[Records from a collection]
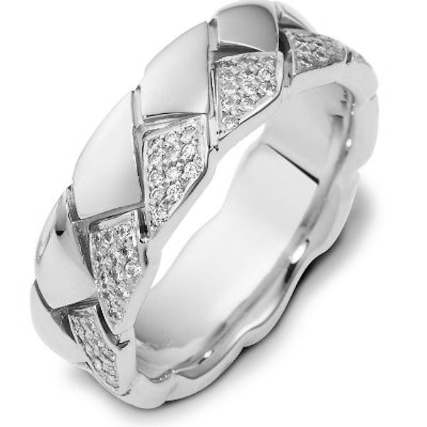 18 K white gold 7.5 mm wide, comfort fit, diamond wedding band. Diamonds total weight in size 7.0 is approximately 0.60 ct. The diamonds are graded as VS1-2 in clarity G-H in color. The finish is polished. Different finishes may be selected or specified.
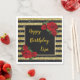 Gold And Black Stripes Glitter Red Roses Birthday Napkin
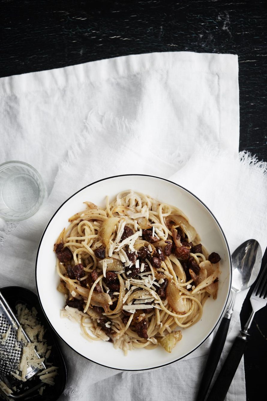 Tuhti ja ihana pasta carbonara onnistuu helposti myös vegaanisena
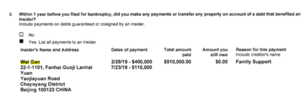 同时,文件截图还显示,在2019年2月28日,贾跃亭支付了甘薇40万美元的家庭抚养费,2019年7月23日,贾跃亭再度支付了11万美元。以此计算,贾跃亭在这五个月内的两次支付给甘薇的家庭费用,共计为51万美元。
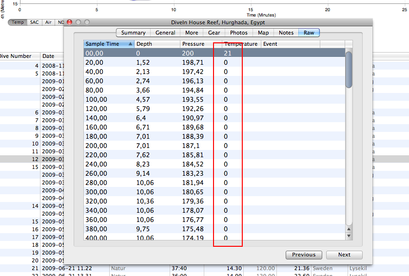 Regarding temperature the data is registred in my computer (Suunto D4) and can be seen when viewed on the computer but for some reason some parts of the data for some dives are not transmitted to Mac Dive.
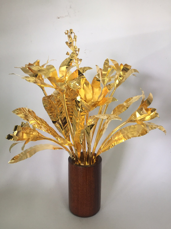 คุณสมบัติผลงาน ดอกไม้ปะดิษฐ์ทำด้วยโลหะทองแดง ชิ้นงานชุบเคลือบผิวโลหะเป็นสีทอง ด้านในดอกไม้ทุกดอกประดับด้วยหลอดไฟสร้างบรรยากาศ จัดแต่งดอกไม้เป็นพุ่มทรงดอกแจกัน กลึงด้วยท่อนไม้ต้นอินทนิน นำดอกไม้ประดิษฐ์มาจัดแต่งรูปทรงในแจกันพร้อมเปิดสวิตแสงไฟสร้างบรรยากาศจะติดขึ้นในดอกไม้ประดิษฐ์ ประสิทธิภาพ ใช้สำหรับตกแต่งพื้นที่ในที่ร่ม เพื่อให้บรรยากาศในพื้นที่ที่จัดวางมีความสวยงาม แสงไฟสร้างบรรยากาศช่วยเพิ่มความรู้สึกผ่อนคลาย ใช้ประดับตกแต่งพื้นที่ที่จัดตั้งจัดวางในห้องในที่ร่ม เพื่อเพิ่มความสวยงามในพื้นที่ แจกันดอกไม้ประดิษฐ์ในรูปแบบไฟสร้างบรรยากาศสามารคเปิดแสงไฟสร้างบรรยากาศได้ ให้ความรู้สึกผ่อนคลายแก่ผู้พบเห็น
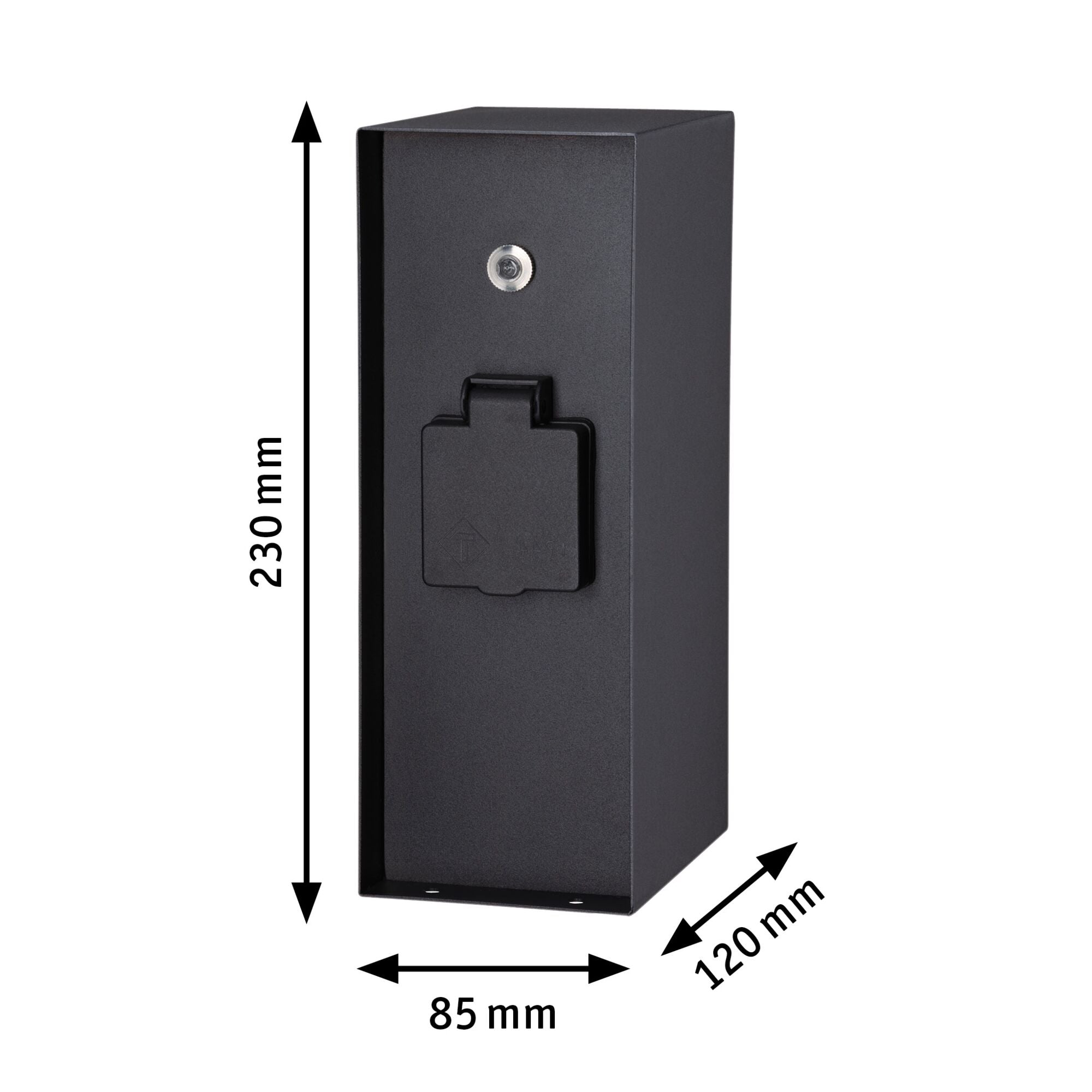 Die Steckdosensäule Rio mit Dämmerungssensor dient als Stromverteiler für den Außenbereich. Dank IP44 Spritzwasserschutz und Schutzkontaktsteckdosen eignet sie sich perfekt zur Steuerung des Gartenlichts.

WORK ITEM
Your answer must be an exact copy of the records, free of images.

SOLUTION FOR THIS TASK
 18 K white gold 7.5 mm wide, comfort fit, diamond wedding band. Diamonds total weight in size 7.0 is approximately 0.60 ct. The diamonds are graded as VS1-2 in clarity G-H in color. The finish is polished. Different finishes may be selected or specified.
 Gold And Black Stripes Glitter Red Roses Birthday Napkin
 Tuhti ja ihana pasta carbonara onnistuu helposti myös vegaanisena
 同时,文件截图还显示,在2019年2月28日,贾跃亭支付了甘薇40万美元的家庭抚养费,2019年7月23日,贾跃亭再度支付了11万美元。以此计算,贾跃亭在这五个月内的两次支付给甘薇的家庭费用,共计为51万美元。
 Regarding temperature the data is registred in my computer (Suunto D4) and can be seen when viewed on the computer but for some reason some parts of the data for some dives are not transmitted to Mac Dive.
 คุณสมบัติผลงาน ดอกไม้ปะดิษฐ์ทำด้วยโลหะทองแดง ชิ้นงานชุบเคลือบผิวโลหะเป็นสีทอง ด้านในดอกไม้ทุกดอกประดับด้วยหลอดไฟสร้างบรรยากาศ จัดแต่งดอกไม้เป็นพุ่มทรงดอกแจกัน กลึงด้วยท่อนไม้ต้นอินทนิน นำดอกไม้ประดิษฐ์มาจัดแต่งรูปทรงในแจกันพร้อมเปิดสวิตแสงไฟสร้างบรรยากาศจะติดขึ้นในดอกไม้ประดิษฐ์ ประสิทธิภาพ ใช้สำหรับตกแต่งพื้นที่ในที่ร่ม เพื่อให้บรรยากาศในพื้นที่ที่จัดวางมีความสวยงาม แสงไฟสร้างบรรยากาศช่วยเพิ่มความรู้สึกผ่อนคลาย ใช้ประดับตกแต่งพื้นที่ที่จัดตั้งจัดวางในห้องในที่ร่ม เพื่อเพิ่มความสวยงามในพื้นที่ แจกันดอกไม้ประดิษฐ์ในรูปแบบไฟสร้างบรรยากาศสามารคเปิดแสงไฟสร้างบรรยากาศได้ ให้ความรู้สึกผ่อนคลายแก่ผู้พบเห็น
 Die Steckdosensäule Rio mit Dämmerungssensor dient als Stromverteiler für den Außenbereich. Dank IP44 Spritzwasserschutz und Schutzkontaktsteckdosen eignet sie sich perfekt zur Steuerung des Gartenlichts.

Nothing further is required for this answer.